- **DATA EXTRACT**
----

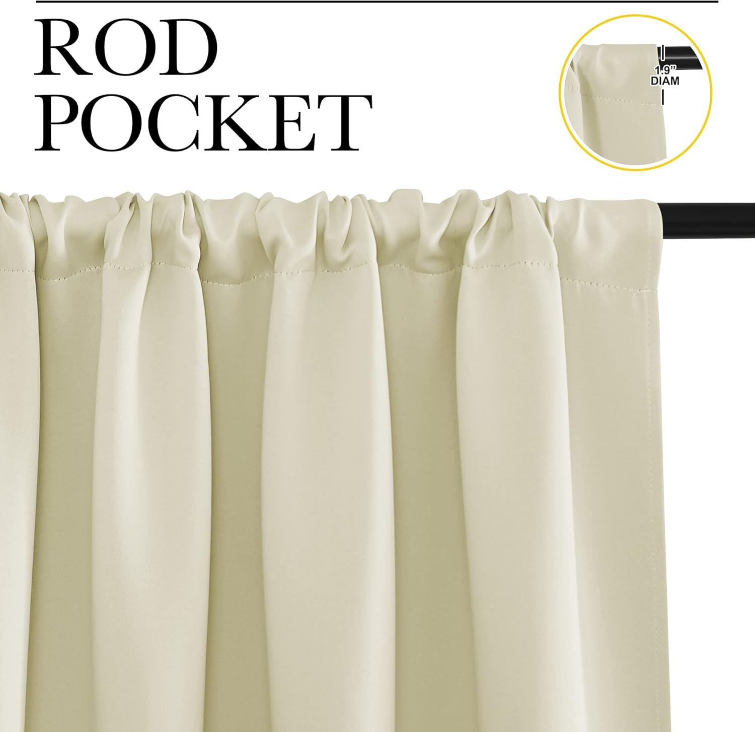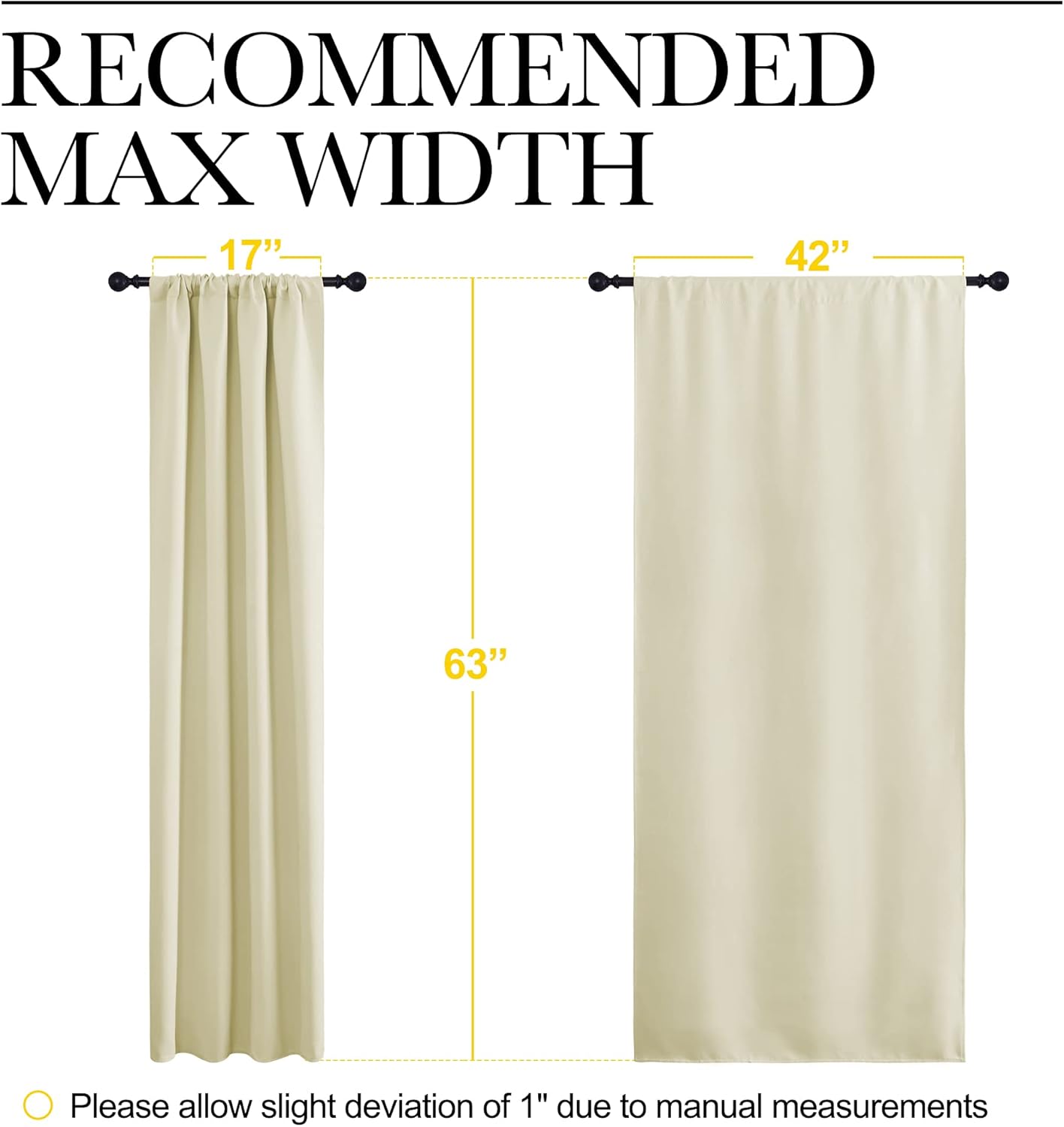 ELEGANT DESIGN: 2 panels per package. Each Blackout Curtain Panel measures 42 inches wide x 63 inches long. The NICETOWN drapery is constructed with rod pocket, fitting the curtain rod of your choice up to 2 inches in diameter, making the curtains easy to install and slide.
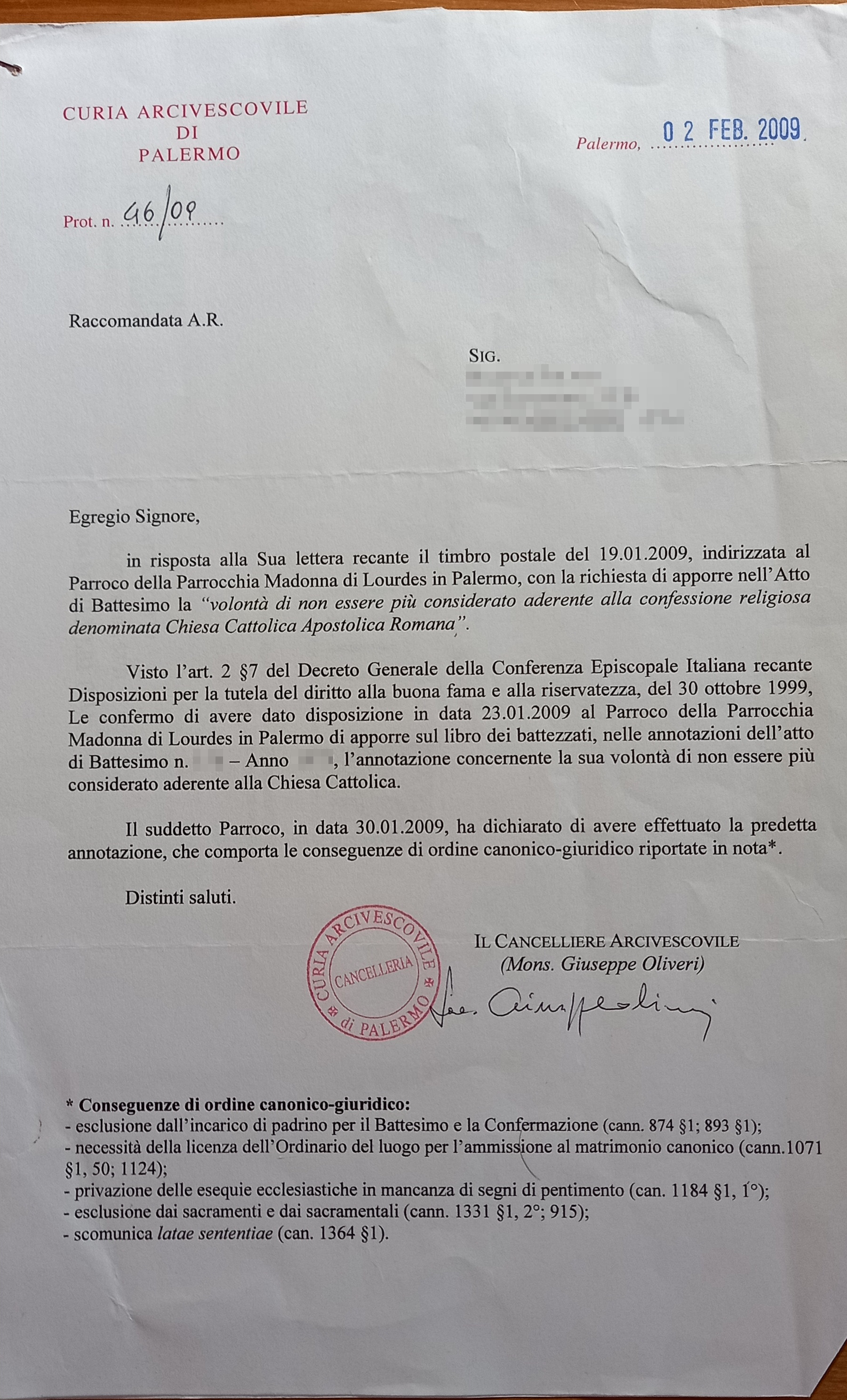 Una persona ha chiesto la rettifica dei dati relativi al proprio battesimo avvenuto a Madonna di Lourdes - PALERMO (PA) il 02/02/2009, dichiarando di non voler più far parte della Chiesa Cattolica.
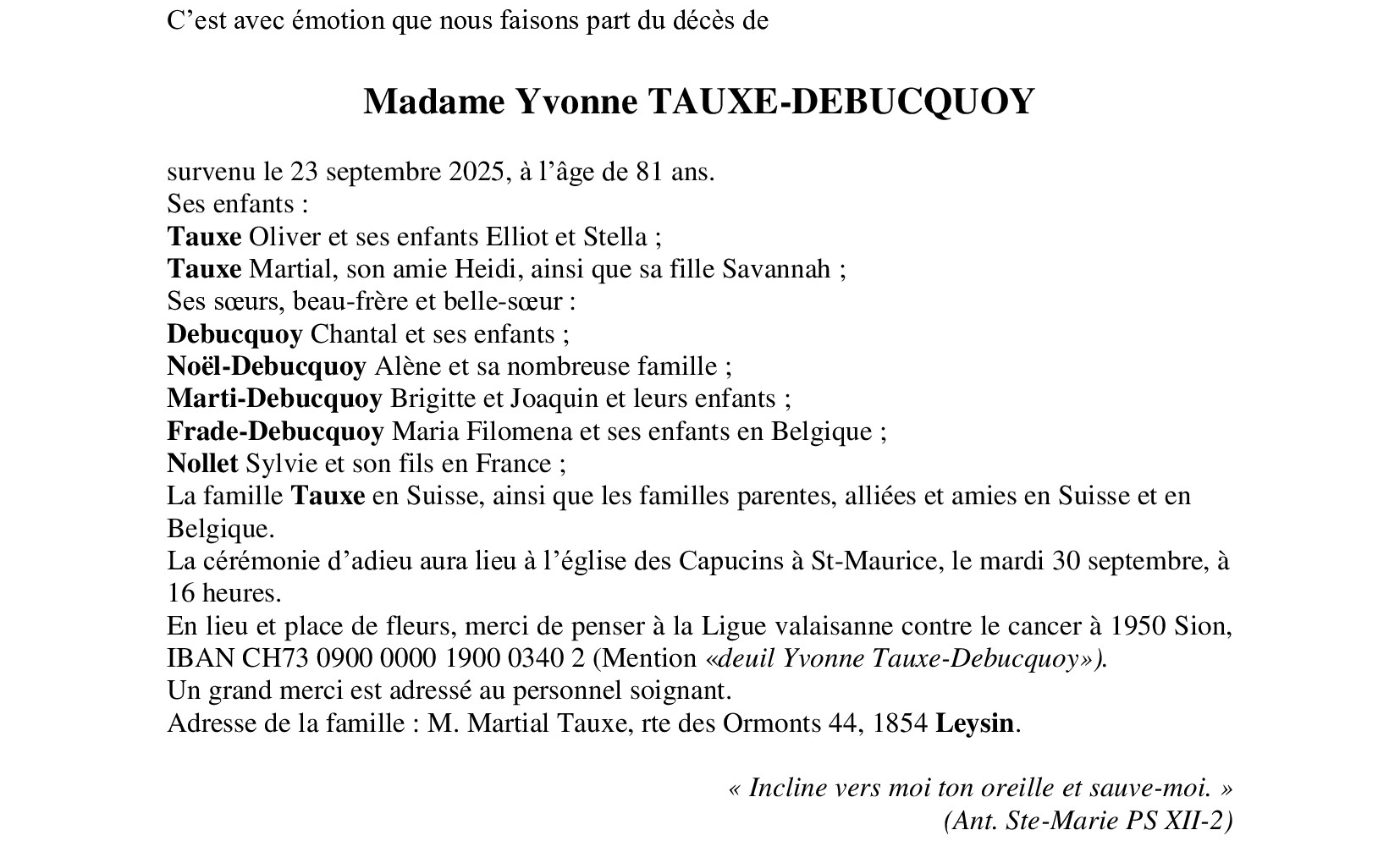 Madame Yvonne TAUXE-DEBUCQUOY

----

- **WORK REQUEST**
Your copy should begin at the line containing "Una persona ha" and end at the last line of the data above, matching each line exactly and holding no pictures.

- **OUTPUT**
 Una persona ha chiesto la rettifica dei dati relativi al proprio battesimo avvenuto a Madonna di Lourdes - PALERMO (PA) il 02/02/2009, dichiarando di non voler più far parte della Chiesa Cattolica.
 Madame Yvonne TAUXE-DEBUCQUOY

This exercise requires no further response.